You were lucky enough to get out, there’d be snipers waiting. The machine guns.
Jack could see it now, a wall of water coursing down the trench. And there’s an arm, mummified, a hat rack reaching from the trench’s unsteady wall. He leaps to grab that offered hand.
He reaches out. He grabs the arm.
And pulls Sally Price from the dissolving wall. She comes out naked and hairless. She’s laughing, a pitiless laughter. A harpie’s revenge and then—
A brass knocker jarred him awake.
“…Miz Price?”
Jack lurched up, disoriented.
“Sally Price?”
Jack scrambled from his makeshift bed, snatched the chain from its lock and yanked a bellman into the room.
A bellman in pillbox and stripes—but not the boy Jack expected.
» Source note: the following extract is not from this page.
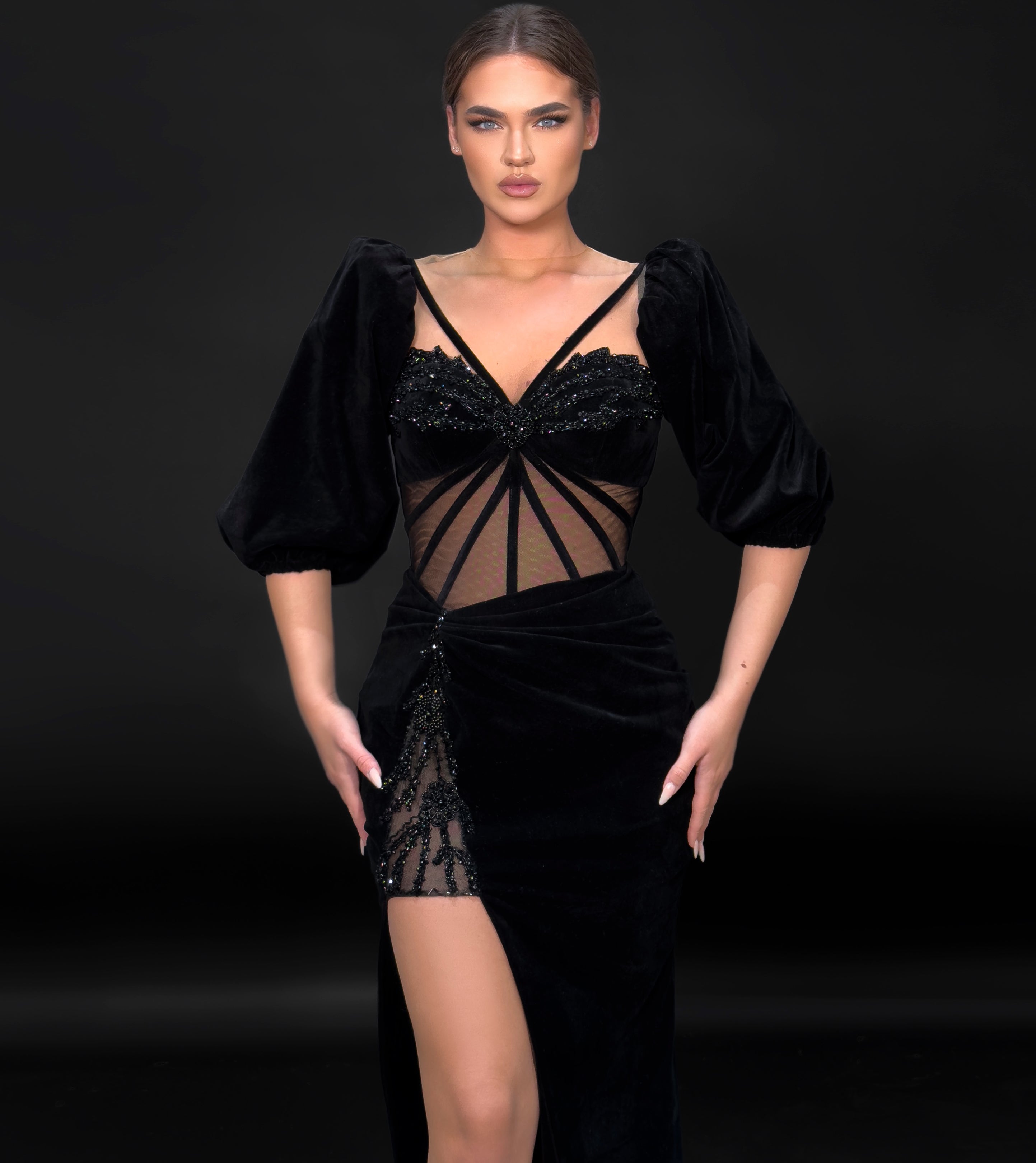 - Strategic sheer panels balanced with opaque velvet for refined sensuality

This was a guy old enough to be his grandfather.
“The hell are you?”
“Sir! Sir, please!”
The old fart raising a hand as if to ward off an angry fist.
Jack didn’t blame him. God knows he must look like somebody just got finished fighting a dog.
“It’s all right,” Romaine tried to calm the geezer. “Take it easy. I was just expecting somebody else is all.”
“Sure, mister.”
Scanning the room, now. Taking in the shattered furniture. Blood on the floor, on the couch.
“Look, you wanna be a problem?” Jack let him see his brass knucks.
“NO! No, sir.”
“Then just forget about this mess. Forget it.”
He peeled off the ten-spot slated for the kid and pressed it into the old-timer’s trembling fist.
“Relax. You don’t know nuthin’. You came up here asking for Sally Price and her husband meets you at the door. That’s me. I’m the husband. You didn’t even go inside, see? Now whatever you got, pass it on.”
“Just this.”
The bellhop stretched like a first baseman to drop a sealed envelope into Jack’s hand.
“And where’d you get it?”
“Some character. Didn’t give a name.”
“Gotta do better than that, pops.”
“He was just some guy, I don’t know! Had this loud jacket and baggy slacks an’ one of them straw hats like you see with a flower big as yer fist stuck in the band. He caught me on the street.”
“The street? OUTSIDE?”
Jack burst from a gaggle of coats and tails milling on the street outside the Milner Hotel. It was already dark, gas lamps mixing with electrics along the street. The sidewalk swelling with ladies and gents, streetcars and automobiles. Jack scanned the avenue up and down. Not a loud shirt or baggy slacks anywhere.
Not a straw hat in sight.
Jack sagged against a lamp pole, pulled the envelope from the torn pocket of his suit jacket and tore it open with his teeth.